Judge Orders Michigan Official to Stand Trial for Involuntary Manslaughter In Legionnaires Case

FLINT, Mich. (AP) — A judge on Monday ordered Michigan’s state health director to stand trial on involuntary manslaughter charges in the deaths of two men linked to an outbreak of Legionnaires’ disease in the Flint area.

Nick Lyon is accused of failing to issue a timely alert to the public about the outbreak. Judge David Goggins said deaths likely could have been prevented if the outbreak had been publicly known.

Some experts have blamed Legionnaires’ on the scandal over Flint’s water, which wasn’t properly treated when it was drawn from the Flint River in 2014 and 2015.

Goggins found there’s probable cause for a trial. The legal standard isn’t as high as beyond a reasonable doubt.

The state says at least 90 cases of Legionnaires’ occurred in Genesee County, including 12 deaths. Lyon denies wrongdoing. His lawyers say sending the case to trial will “dangerously chill” public employees.

The Legionnaires’ investigation is part of a larger probe into how Flint’s water system became poisoned when the city used Flint River water for 18 months. The water wasn’t treated to reduce corrosion. As a result, lead leached from old pipes.

Lyon, director of the Health and Human Services Department, is the highest-ranking Michigan official charged in an investigation led by the attorney general’s office.

An additional 14 current or former state and local officials have been charged with crimes, either related to Legionnaires’ or lead in the water. Four agreed to misdemeanor plea deals; the other cases are moving slowly.

Legionella bacteria can emerge through misting and cooling systems, triggering a severe form of pneumonia, especially in people with weakened immune systems. The state says there were 90 cases reported to Genesee County Health Department in 2014-15, including 12 deaths. More than half of the people had a common thread: They spent time at McLaren Hospital, which was on the Flint water system.

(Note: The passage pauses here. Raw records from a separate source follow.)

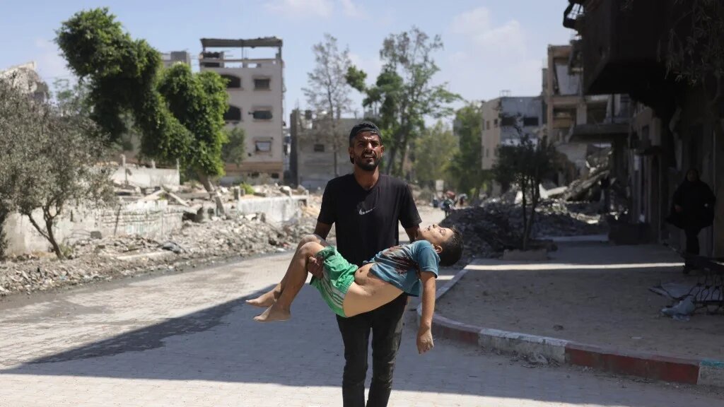 A man carries the body of a Palestinian boy, who was killed as he fled his home, in Jabalia's Saftawy neighbourhood on 26 August 2025 (Bashar Taleb/AFP)
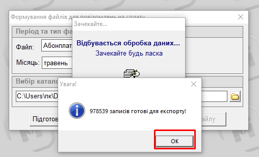 9) Коли файл сформується, висвітиться повідомлення «Файл успішно сформовано», і він буде збережений у папці, яку вибрали для збереження цього файлу.
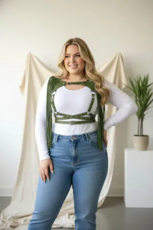 Plus Size Tan Women's Leather Belt, Corset and Tassel Detailed Harness - APFT985
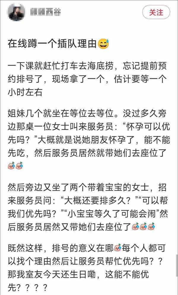 网友称在海底捞等位时发现孕妇插队
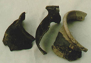 steengoed - die door dezelfde persoon werden ingebracht - zijn eveneens erg bijzonder. Ze zijn afkomstig van kannen die tussen 1320 en 1360 in Siegburg geproduceerd
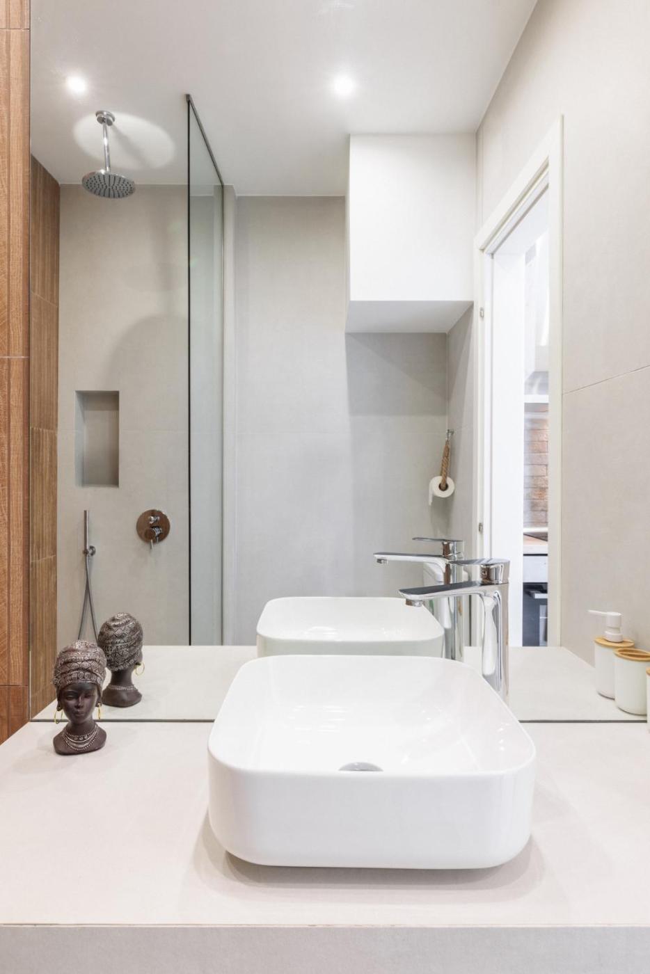 Deluxe Double Room. The spacious double room features air conditioning, a washing machine, as well as a private bathroom boasting a shower and a hairdryer. The kitchen features a refrigerator, kitchenware and an oven. The double room offers soundproof walls, a minibar, a coffee machine, a wardrobe, as well as a flat-screen TV. The unit has 1 bed. ;
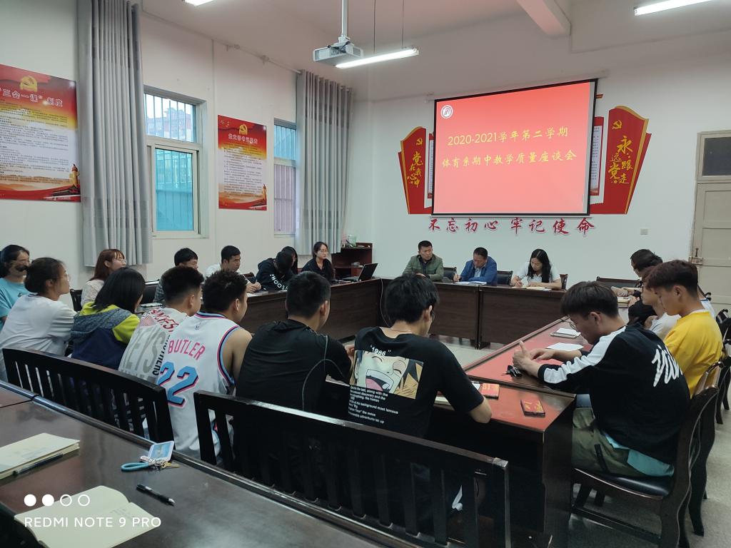 2021年4月29日,best365中国官方网站体育系在体育馆一楼会议室召开期中教学质量座谈会。公司党总支书记高立平、best365中国官方网站副经理郭西魁、best365中国官方网站各班班长、团支书、学习委员、员工代表参加了此次会议,会议由体育系主任李靖主持。
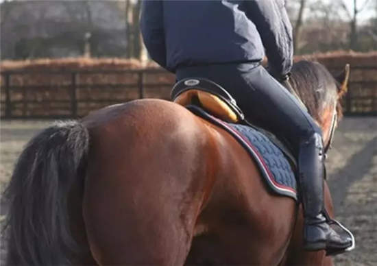 有可能是骑手坐上马背时因坐姿问题导致体重分布不均,或马匹自身背部的原因。那么在马匹背部的某些部位就会完全没有承载压力,因为马背是中空的,而不是圆的。造成干斑的原因是有很多因素,但压力分布不均需要格外注意。

The outbreak was announced by Gov Rick Snyder and Lyon in January 2016, although Lyon concedes that he knew that cases were being reported a year earlier.

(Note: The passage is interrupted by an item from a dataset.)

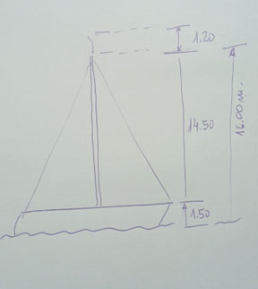 La altura del mástil es de 14,50 sobre cubierta. Lo que hace un total de 16 metros sobre el nivel del agua. A eso le debemos sumar la antena de VHF, veleta, luces, etc. lo que hace un total de 17,20 metros sobre el agua.
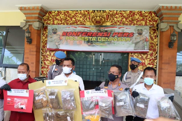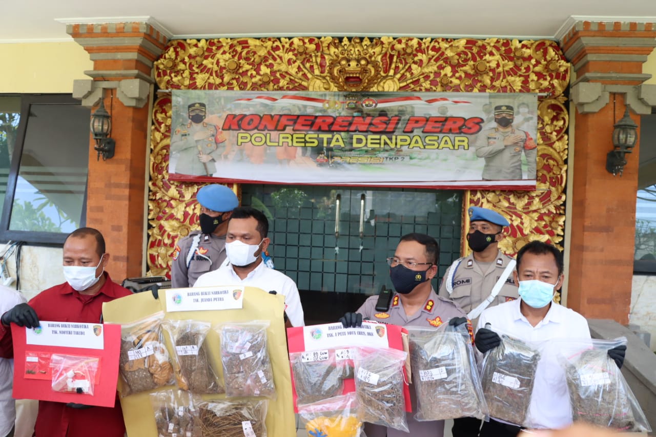 Dominasi barang bukti narkotika berupa ganja hampir 8 kilogram. Sementara itu barang bukti narkoba diamankan, didominasi 7.914 gram ganja, 14,31 gram sabu, dan 6,45 gram tembakau gorilla. Barang bukti ganja terbanyak disita dari tersangka Denni (31) di Jalan Kubu Bias Kecamatan Denpasar Barat dengan jumlah 4.669 gram. Kemudian dari tersangka Juanda (26) di Jalan Ekalawya, Seminyak diperoleh barang bukti ganja sebanyak 2.044 gram.

“He had the chance to save lives,” special prosecutor Todd Flood told the court at a July 25 hearing.

But Lyon’s attorneys have questioned the causes of death of two people cited by Flood. They also say there was much speculation about the cause and not enough solid information to share with the public.

“It is not enough for the prosecutor to wave his hands in the air and cry bad things happened to the people of Flint so someone must be held responsible,” Lyon’s lawyers said in a court filing.